The Black Hole Mass and Magnetic Field Correlation in AGN: Testing by Optical Polarimetry

TL;DR

This study uses optical polarimetry to test the relationship between black hole magnetic fields and mass in AGN, finding that the correlation does not hold for NGC 4258, thus questioning previous assumptions.

Contribution

It introduces a method to estimate black hole magnetic fields via polarization spectra, testing the B-M relation in AGN using optical polarimetry.

Findings

The B-M correlation is not confirmed for NGC 4258.

Polarization spectra can constrain magnetic field parameters.

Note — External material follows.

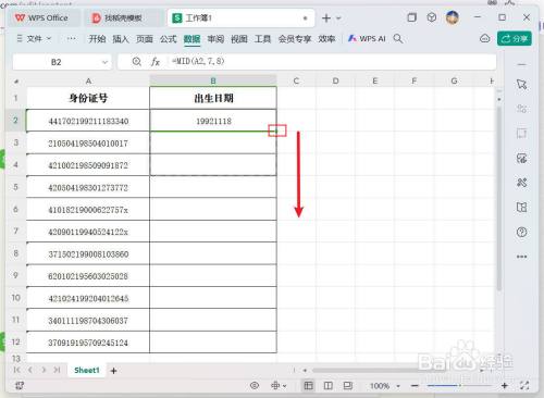 然后同时按下ctrl+e键,体系会主动提取各个身份证中的日期完当作填充。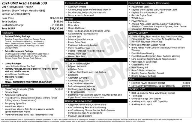 Don't miss the opportunity to experience the exceptional quality and value of this 2024 GMC Acadia Denali. Visit our showroom today and let us demonstrate how this remarkable SUV can elevate your driving experience.

The method helps refine models of accretion disk magnetism.

Abstract

We consider the integral light polarization from optically thick accretion disks. Basic mechanism is the multiple light scattering on free electrons (Milne's problem) in magnetized atmosphere. The Faraday rotation of the polarization plane changes both the value of integral polarization degree $p$ and the position angle $\chi $. Besides, the characteristic spectra of these values appear. We are testing the known relation between magnetic field of black hole at the horizon $B_{BH}$ and its mass $M_{BH}$, and the usual power-law distribution inside the accretion disk. The formulae for $p(\lambda)$ and $\chi(\lambda)$ depend on a number of parameters describing the particular dependence of magnetic field in accretion disk (the index of power-law distribution, the spin of the black hole, etc.). Comparison of our theoretical values of $p$ and $\chi $ with observed polarization can help us to choice more realistic values of parameters if the accretion disk mechanism gives the main contribution to the observed integral polarization. The main content is connected with estimation of validity of the relation between $B_{BH}$ and $M_{BH}$. We found for the AGN NGC 4258 that such procedure does not confirm the mentioned correlation between magnetic field and mass of black hole.